━━━ INPUT FOR THIS TASK ━━━

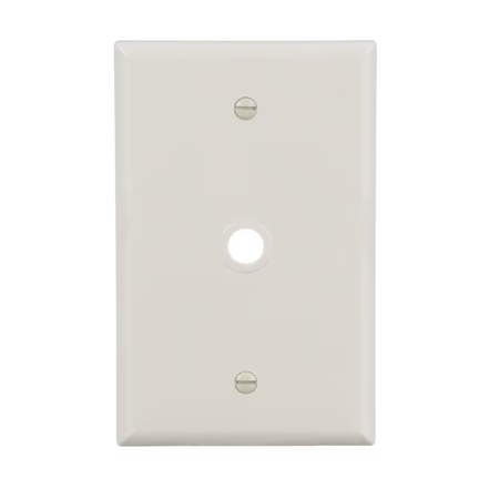 • Placa de pared de tamaño mediano, de una sola salida, con orificio de 0,40 In para aplicaciones telefónicas y coaxiales.
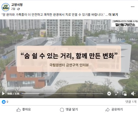 보건소 관계자는 “국립암센터는 환자와 보호자가 많이 찾는 공간으로 금연구역 지정은 간접흡연 피해 예방과 건강한 환경 조성에 중요한 의미가 있다”며 “이번 인터뷰 영상과 만족도 조사를 통해 정책 효과를 확인하고 시민 공감을 넓힐 수 있었다”고 밝혔다.
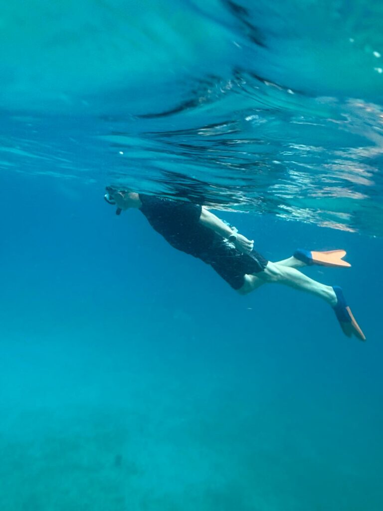 The author contemplating longevity while checking on the sea turtles during a morning swim in Grande Anse d’Arlet, Martinique, France. Those legs, though. Photo credit: Trevor Pacholok
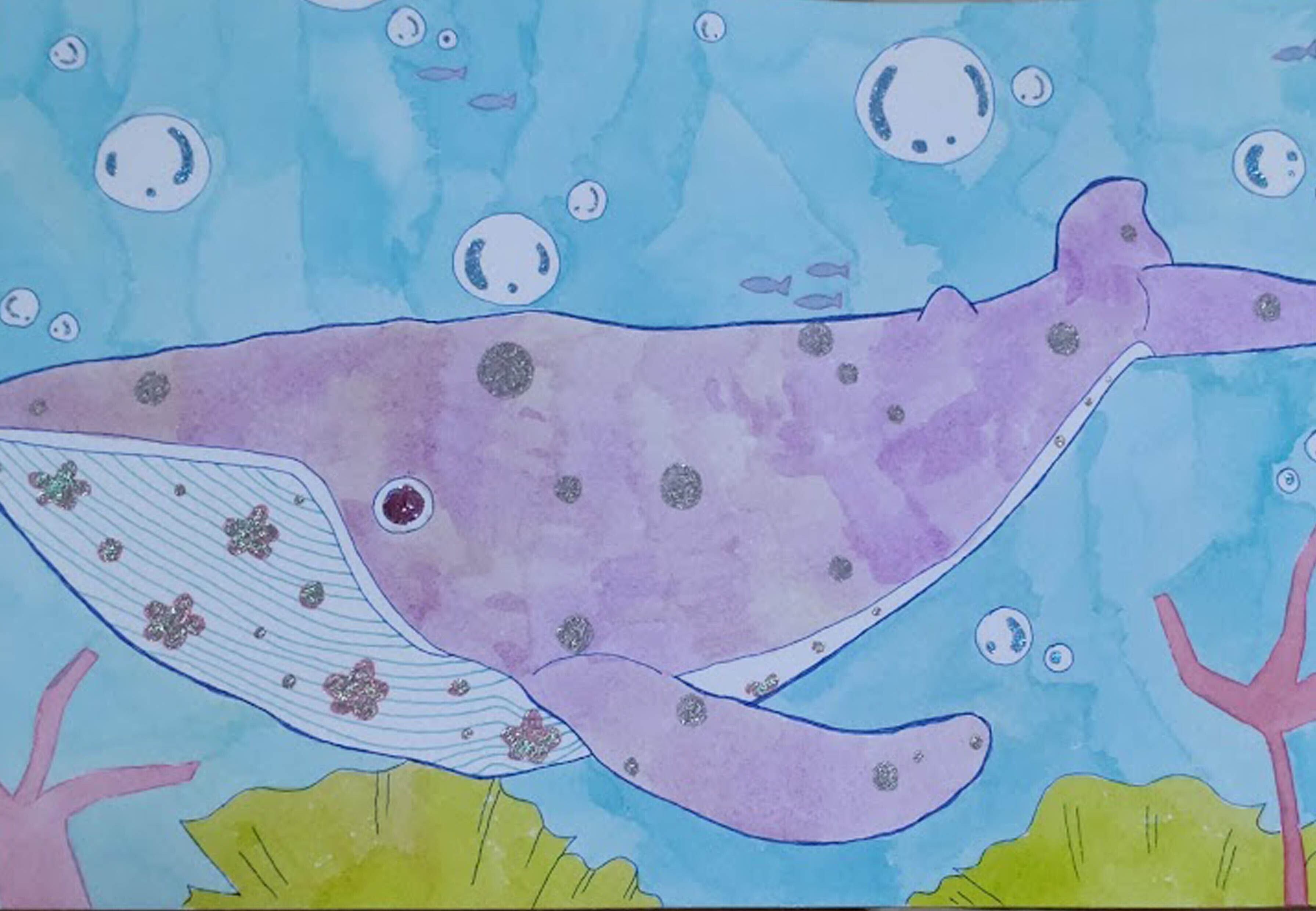 透明水彩+ボールペン+ラメペン+グリッターグルーにて仕上げ。
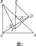 (2)连结OC、OD,BF与CD相交于H,如图2,根据等腰直角三角形的性质得OC⊥AB,OD⊥EF,则∠BOF=∠DOC,接着可证明△BOF≌△COD得到BF=CD,∠OBF=∠OCD,然后证明∠CHB=∠COB=90°得到BF⊥CD;
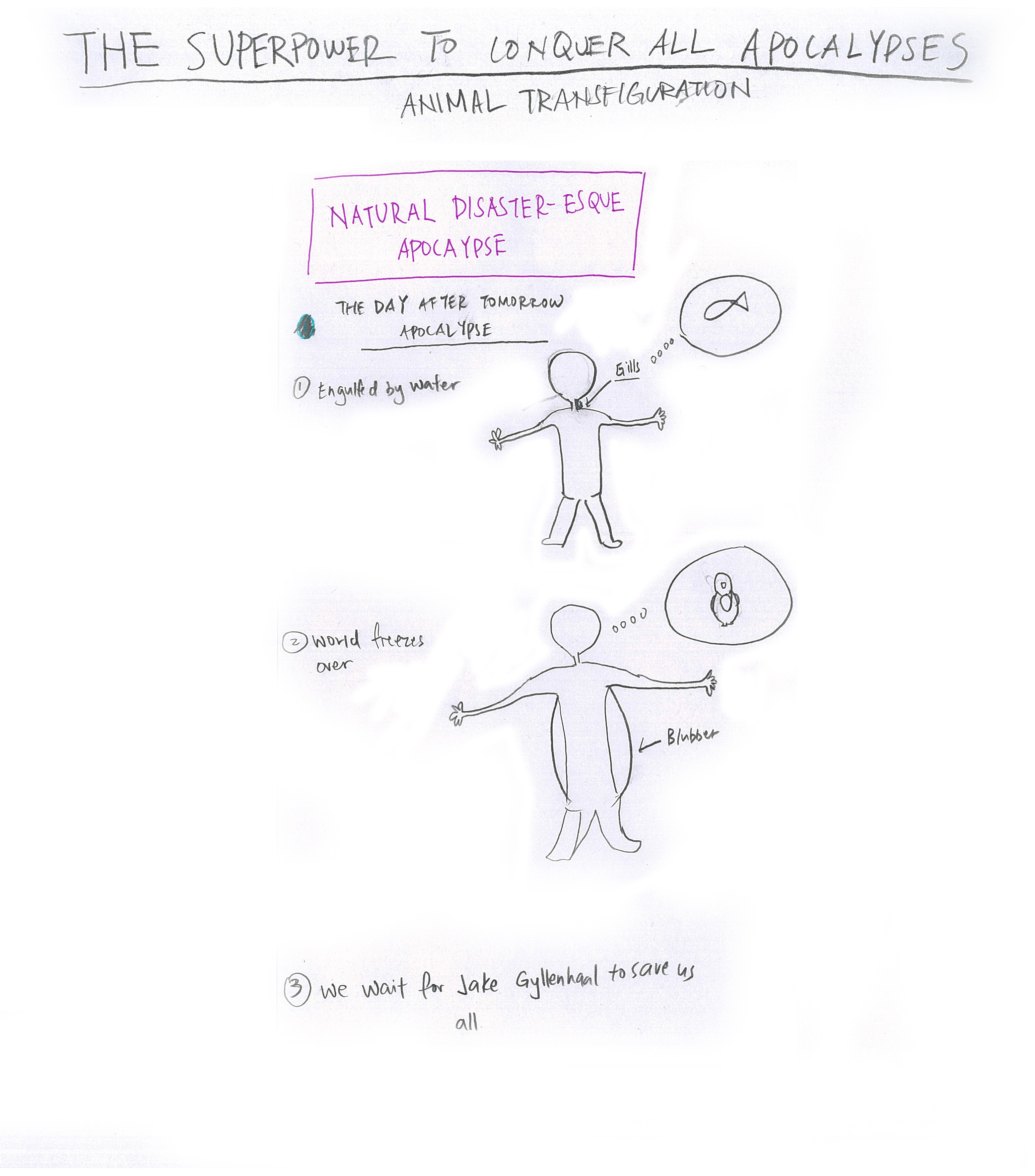 For the second part of The Apocalypse Workshop, I asked students to imagine their superpowers to navigate through the apocalypse they described in the beginning.
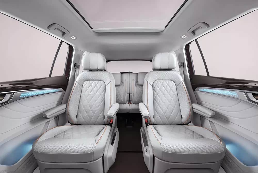 众所周知,MPV出行的乘坐舒适性要在轿车和SUV之上,可它的通过性又不及SUV强。可能揽境看重的正是这个空隙,拿一台正儿八经的中大型SUV,再与MPV车型进行深度糅合。尤其是采用六座布局,二排是两个独立的座椅,留出了一条宽度230mm的过道,比拟主流的MPV车型,方便第三排乘客的进出。值得一提的是,二排座椅的做工并不含糊,包括头枕、靠背和坐垫部分,运用了亲肤的皮质材料包裹,而且用料厚实,特意还采用了菱形缝线点缀,提升质感。
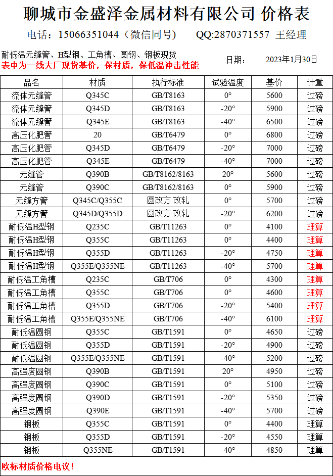 2022年11月10日耐低溫無縫管,H型鋼,工角槽,圓鋼,鋼板價格表

━━━

EXERCISE AIM: Return every line of the records exactly as given, pictures excluded.

WRITTEN ANSWER:
 • Placa de pared de tamaño mediano, de una sola salida, con orificio de 0,40 In para aplicaciones telefónicas y coaxiales.
 보건소 관계자는 “국립암센터는 환자와 보호자가 많이 찾는 공간으로 금연구역 지정은 간접흡연 피해 예방과 건강한 환경 조성에 중요한 의미가 있다”며 “이번 인터뷰 영상과 만족도 조사를 통해 정책 효과를 확인하고 시민 공감을 넓힐 수 있었다”고 밝혔다.
 The author contemplating longevity while checking on the sea turtles during a morning swim in Grande Anse d’Arlet, Martinique, France. Those legs, though. Photo credit: Trevor Pacholok
 透明水彩+ボールペン+ラメペン+グリッターグルーにて仕上げ。
 (2)连结OC、OD,BF与CD相交于H,如图2,根据等腰直角三角形的性质得OC⊥AB,OD⊥EF,则∠BOF=∠DOC,接着可证明△BOF≌△COD得到BF=CD,∠OBF=∠OCD,然后证明∠CHB=∠COB=90°得到BF⊥CD;
 For the second part of The Apocalypse Workshop, I asked students to imagine their superpowers to navigate through the apocalypse they described in the beginning.
 众所周知,MPV出行的乘坐舒适性要在轿车和SUV之上,可它的通过性又不及SUV强。可能揽境看重的正是这个空隙,拿一台正儿八经的中大型SUV,再与MPV车型进行深度糅合。尤其是采用六座布局,二排是两个独立的座椅,留出了一条宽度230mm的过道,比拟主流的MPV车型,方便第三排乘客的进出。值得一提的是,二排座椅的做工并不含糊,包括头枕、靠背和坐垫部分,运用了亲肤的皮质材料包裹,而且用料厚实,特意还采用了菱形缝线点缀,提升质感。
 2022年11月10日耐低溫無縫管,H型鋼,工角槽,圓鋼,鋼板價格表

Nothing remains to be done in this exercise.